EN MÉXICO LAS POLÍTICAS SOBRE ENERGÍA NUCLEAR PRESENTAN UN ATRASO DE ENTRE CINCO Y DIEZ AÑOS

Las políticas sobre energía nuclear en el país presentan un atraso de entre cinco y diez años en relación con el repunte registrado a nivel mundial, ya que el Plan Nacional de Energía no incluye entre sus prioridades los programas nucleares, a pesar de que para obtener una buena economía energética se requiriere la construcción de diez reactores.
Las afirmaciones fueron hechas por el doctor Gilberto Espinosa Paredes, profesor de la Universidad Autónoma Metropolitana (UAM), al recapitular sus investigaciones sobre reactores típicos y avanzados de agua en ebullición (Boiling Water Reactor –BWR-) durante su ingreso a la Academia de Ingeniería de México.
El investigador de la Unidad Iztapalapa y miembro de la Academia Mexicana de Ciencias y del Sistema Nacional de Investigadores, nivel 2, propone la construcción de “reactores inherentemente seguros” o de “seguridad pasiva”, lo cual es materia de investigación y desarrollo tecnológico en el ámbito internacional.
“Muchos países han empezado a desarrollar sus programas nucleares, otros los han reactivado y unos más nunca los abandonaron”, pero México los ha dejado totalmente de lado, afirmó el especialista.
Sólo las unidades generadoras de la Central Nuclear Laguna Verde, en Veracruz, continuaron operando; desde 1990 la unidad uno y desde 1995 la unidad dos. Éstas tuvieron un “aumento de potencia” de 105 por ciento en el 2005 y para 2010 sufrirían “un aumento de potencia extendido” de 120 por ciento.
Espinosa Paredes expuso que la capacidad instalada de energía nuclear representa el cinco por ciento de la energía total consumida en el país. Sin embargo, para obtener una diversificación de energía y una buena economía energética se requiere un ascenso a por lo menos diez o 15 por ciento, esto equivale a construir diez reactores aproximadamente.
Una vertiente tecnológica de su trabajo contempla reutilizar el combustible nuclear gastado para hacer diseños más avanzados y que se vuelvan a emplear en centrales nucleares, contribuyendo a la disminución importante de desechos radiactivos y a la no proliferación de artefactos bélicos.

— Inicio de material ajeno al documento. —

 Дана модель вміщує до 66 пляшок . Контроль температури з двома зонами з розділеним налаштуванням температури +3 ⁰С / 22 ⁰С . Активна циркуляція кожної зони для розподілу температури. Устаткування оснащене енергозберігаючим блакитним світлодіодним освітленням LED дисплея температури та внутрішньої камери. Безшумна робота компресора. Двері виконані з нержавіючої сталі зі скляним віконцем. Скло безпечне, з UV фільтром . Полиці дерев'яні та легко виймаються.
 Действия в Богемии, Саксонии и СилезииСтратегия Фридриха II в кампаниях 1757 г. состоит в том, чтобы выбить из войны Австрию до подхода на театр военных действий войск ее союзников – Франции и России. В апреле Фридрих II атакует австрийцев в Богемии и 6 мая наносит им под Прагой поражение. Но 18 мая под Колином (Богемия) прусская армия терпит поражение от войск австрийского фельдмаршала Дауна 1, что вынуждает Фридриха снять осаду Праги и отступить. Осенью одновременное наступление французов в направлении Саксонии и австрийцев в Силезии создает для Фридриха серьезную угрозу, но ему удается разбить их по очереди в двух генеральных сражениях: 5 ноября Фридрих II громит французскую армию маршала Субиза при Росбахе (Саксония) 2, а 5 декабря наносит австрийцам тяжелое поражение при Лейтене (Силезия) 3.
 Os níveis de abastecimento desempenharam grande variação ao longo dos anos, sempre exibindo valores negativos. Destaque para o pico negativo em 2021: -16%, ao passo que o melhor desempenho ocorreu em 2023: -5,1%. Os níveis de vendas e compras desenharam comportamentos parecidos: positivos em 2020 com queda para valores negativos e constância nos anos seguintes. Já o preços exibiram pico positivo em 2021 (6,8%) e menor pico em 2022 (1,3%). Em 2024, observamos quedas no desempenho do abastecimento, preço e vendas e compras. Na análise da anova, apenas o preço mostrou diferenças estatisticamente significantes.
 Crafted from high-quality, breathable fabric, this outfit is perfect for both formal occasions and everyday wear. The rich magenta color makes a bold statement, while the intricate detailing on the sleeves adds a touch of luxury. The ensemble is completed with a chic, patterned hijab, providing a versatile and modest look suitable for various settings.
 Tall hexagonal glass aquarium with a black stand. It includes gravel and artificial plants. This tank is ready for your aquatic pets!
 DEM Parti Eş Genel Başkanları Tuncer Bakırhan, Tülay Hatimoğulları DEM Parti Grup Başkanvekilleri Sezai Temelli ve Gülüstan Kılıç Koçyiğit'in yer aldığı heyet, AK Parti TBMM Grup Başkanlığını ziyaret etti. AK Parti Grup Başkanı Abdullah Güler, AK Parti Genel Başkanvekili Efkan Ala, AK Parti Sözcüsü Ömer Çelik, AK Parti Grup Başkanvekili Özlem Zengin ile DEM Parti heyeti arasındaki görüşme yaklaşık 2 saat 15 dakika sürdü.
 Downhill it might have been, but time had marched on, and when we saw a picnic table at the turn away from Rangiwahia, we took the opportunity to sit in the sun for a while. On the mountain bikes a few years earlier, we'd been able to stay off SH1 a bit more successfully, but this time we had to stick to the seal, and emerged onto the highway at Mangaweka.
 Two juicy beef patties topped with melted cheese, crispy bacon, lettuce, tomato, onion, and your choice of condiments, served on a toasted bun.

Acerca de la formación de recursos humanos para el funcionamiento y construcción de centrales nucleares, el investigador del Departamento de Ingeniería de Procesos e Hidráulica señaló que se demandan ingenieros en energía, además de civiles, eléctricos, mecánicos, químicos y metalúrgicos, entre otros.
El profesor ubicó a la UAM como “pionera” en estudios nucleares, ya que desde 1975 el plan de estudios de la licenciatura de Ingeniería en energía ofrecía a sus alumnos la opción nuclear: “México fue de los pocos países que en aquella época contaba con una carrera de esas características; fue bastante innovador a escala mundial”.
El doctor Octavio Agustín Rascón Chávez, presidente de la Academia de Ingeniería, dijo que la organización que representa “reconoce los méritos y logros excepcionales” de ingenieros dedicados a nutrir a México con una ingeniería moderna que contribuya al desarrollo humano, económico y social.
El funcionario precisó que el doctor Espinosa Paredes se integró como Académico Titular de la Comisión Nuclear de la Academia de Ingeniería, la cual es presidida por el doctor Juan Luis François Lacouture. El trabajo del profesor de la UAM se titula Ecuaciones promedio no-local para flujo multifásico: Aplicación en reactores de circulación natural tipo BWR.